For Authentication we’re going to use OAuth2 by delegating user authentications to the service that hosts a user’s account. There are plenty of OAuth2 identity providers out there: GitHub, Google, Facebook, Azure Active Directory, Twitter and Salesforce are the largest. There is currently support for Pipeline in GitHub, mainly due to the fact that our CI/CD component is triggered by GitHub events, but we also use a very flexible QOR package that supports major providers as a plugin. Adding support for the providers listed above is a simple matter of making configuration changes (excepting changes to oldschool usernames/passwords). The main benefit of this solution is that we don’t have to store any user credentials and our users can use their existing accounts on these sites to access our service. The OAuth2 flow is laid out in the picture, below. When a user hits Pipeline, they have to log in with GitHub first, in order for a user record to be created in the RDBMS - the REST endpoint for that is: https://$HOST/auth/login.

Overview of the Pipeline's Auth flow

After we receive the user’s information from GitHub we create a user profile in our database with a generated user ID; we already use GORM and luckily QOR Auth does too. After successfully logging in, a session cookie is stored in the user’s browser session. With this cookie the user is authorized to navigate through the Pipeline API, though this is not an ideal user case. Most interactions with the Pipeline API are through automation and code interactions, so an Access (Bearer) Token is more appropriate. Token creation is possible at the https://$HOST/api/v1/token REST endpoint, and the returned JSON contains the token for sequential access:

{
  "token": "eyJhbGciOiJIUzI1NiIsInR5cCI6IkpXVCJ9.eyJhdWQiOiJodHRwczovL3BpcGVsaW5lLmJhbnphaWNsb3VkLmNvbSIsImV4cCI6MzAzMzYwMzI2MDA3MzQyMDAwMCwianRpIjoiMTMxOGQ0YTktMzI1ZS00YTNhLWFmNTctZjc0ZTRlODc5MTY1IiwiaWF0IjoxNTE2ODAxNjMwMDM2NzA5MDAwLCJpc3MiOiJodHRwczovL2JhbnphaWNsb3VkLmF1dGgwLmNvbS8iLCJzdWIiOiIxIiwic2NvcGUiOiJhcGk6aW52b2tlIn0.pMQrGyhc8H4Mn7CnmhfNAUv9pxecgymOWjIIi5MwCHA"
}

Now if you store this token, for example, in a variable within a shell, you can use cURL to call the protected parts of the API:

$ export TOKEN="eyJhbGciOiJIUzI1NiIsInR5cCI6IkpXVCJ9.eyJhdWQiOiJodHRwczovL3BpcGVsaW5lLmJhbnphaWNsb3VkLmNvbSIsImV4cCI6MzAzMzYwMzI2MDA3MzQyMDAwMCwianRpIjoiMTMxOGQ0YTktMzI1ZS00YTNhLWFmNTctZjc0ZTRlODc5MTY1IiwiaWF0IjoxNTE2ODAxNjMwMDM2NzA5MDAwLCJpc3MiOiJodHRwczovL2JhbnphaWNsb3VkLmF1dGgwLmNvbS8iLCJzdWIiOiIxIiwic2NvcGUiOiJhcGk6aW52b2tlIn0.pMQrGyhc8H4Mn7CnmhfNAUv9pxecgymOWjIIi5MwCHA"

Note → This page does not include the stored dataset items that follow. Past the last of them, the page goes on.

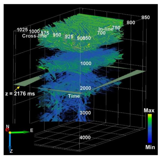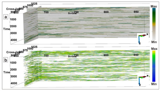 The fracture planes and sticks were also extracted using the discontinuous TFL volume as input. The fracture planes proved to be quite beneficial in recognizing the sweet spots for prospect evaluation, field development, and future drilling of exploration and appraisal wells [85]. The fractures were interpreted and visualized on the cube as a stick, and all sticks that belonged to one fracture were merged into a single stick set. Thus, a single fracture stick set was comprised of an unordered collection of the interpreted sticks. The minimum TFL value of 0.01 was used in the current study. The minimum value of sticks per fracture was applied, which helped to identify the small scale fractures that had small throws. The minimum vertical overlap rate of 0.6 was used to extract maximum tilted fractures, because a value greater than 0.6 may have extracted maximum fractures with a risk of picking up more noise. The minimum fracture length per z-slice of 250 was applied to extract the maximum fractures with smaller heaves. The feature of merging fractures along z-slices was also applied, and this increased the possibility of capturing the lateral continuity of fractures. The results of the extracted fracture planes and sticks generated for the seismic study volume are shown in Figure 8b.
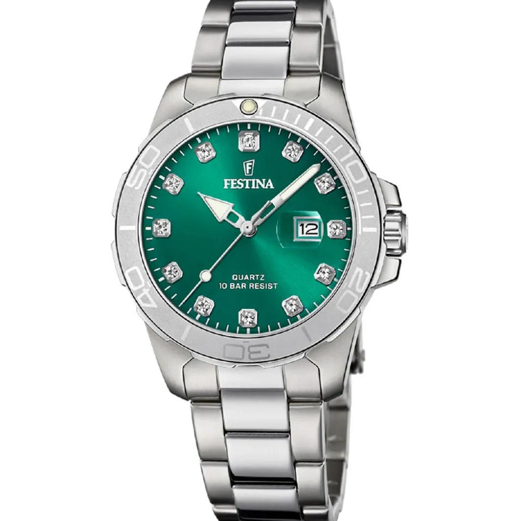 La Festina Boyfriend Collection – F20503-7 est une montre femme élégante dont le bracelet est en acier argenté. Son diamètre boîtier de 35mm ajoute une petite touche de robustesse qui contraste agréablement avec son design délicat. L’affichage est analogique, avec des indicateurs simples et précis, complétés par un dateur pour garder un oeil sur le calendrier. Son boîtier rond est également en acier, assurant une durabilité optimale à votre bijou. Le mouvement de la montre est à quartz, garantissant une mesure précise du temps. Son étanchéité jusqu’à 100 mètres vous permet de la porter même lors de baignades. La fermeture se fait grâce à une boucle déployante, simple d’utilisation et sécurisée. Le verre minéral protège l’affichage des rayures et des chocs. Cette montre est un alliage parfait entre esthétique et fiabilité.
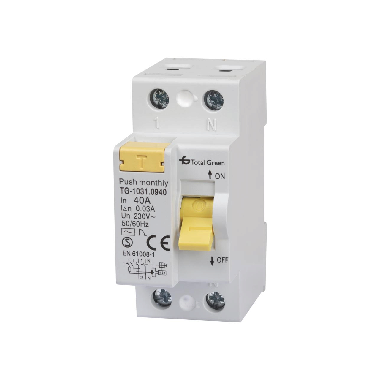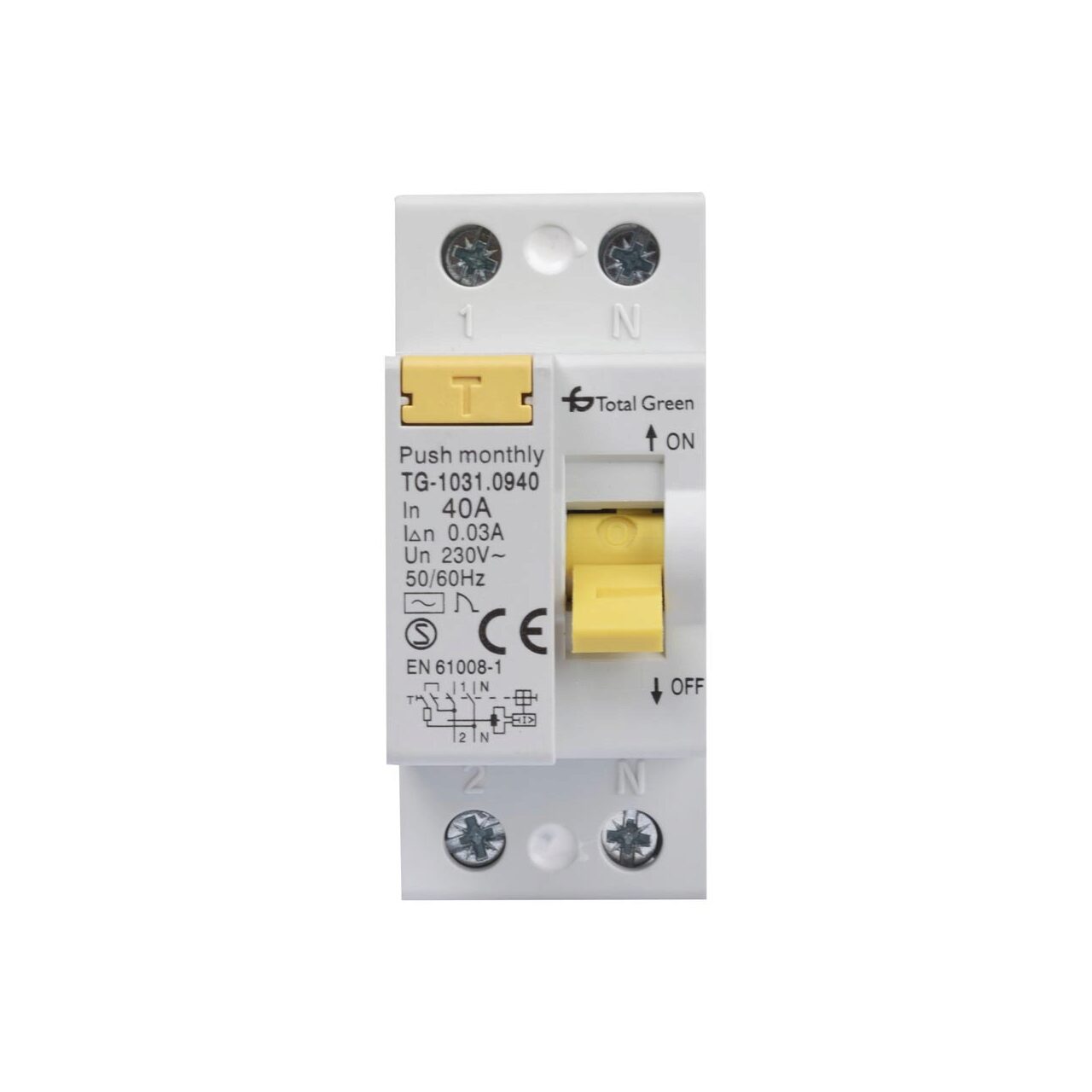 Gama de protectii marca Total Green este atent selectata si produsa pentru a oferi solutii inovative si fiabile pentru problemele dumneavoastra. Orice dificultate ati putea intalni, noi va stam la dispozitie cu produse variate si potrivite atat financiar, cat si calitativ. In acest sens, prezentam un model de intrerupator diferential de tip 2P ce functioneaza cu un curent nominal de 40A, la o frecventa nominala de 50-60Hz. De asemenea, capacitatea de rupere nominala are valoarea de 6kA pentru o curba de declansare de tip C si un factor de protectie egal cu IP20.

$ curl -v -H "Authorization: Bearer $TOKEN" http://localhost:9090/api/v1/status
{"No running clusters found.":200}

JWT for Bearer token

Some of you have probably already noted the token’s format - it’s a JWT token which is the perfect format for a Bearer token. Note that JWT is based on the RFC 7519 standard. The main benefit of JWT is that it’s self-contained, which allows for stateless authentication. The server’s protected routes will check for a valid JWT in the Authorization header and, if it’s present, the user will be allowed to access protected resources based on the token’s scopes field.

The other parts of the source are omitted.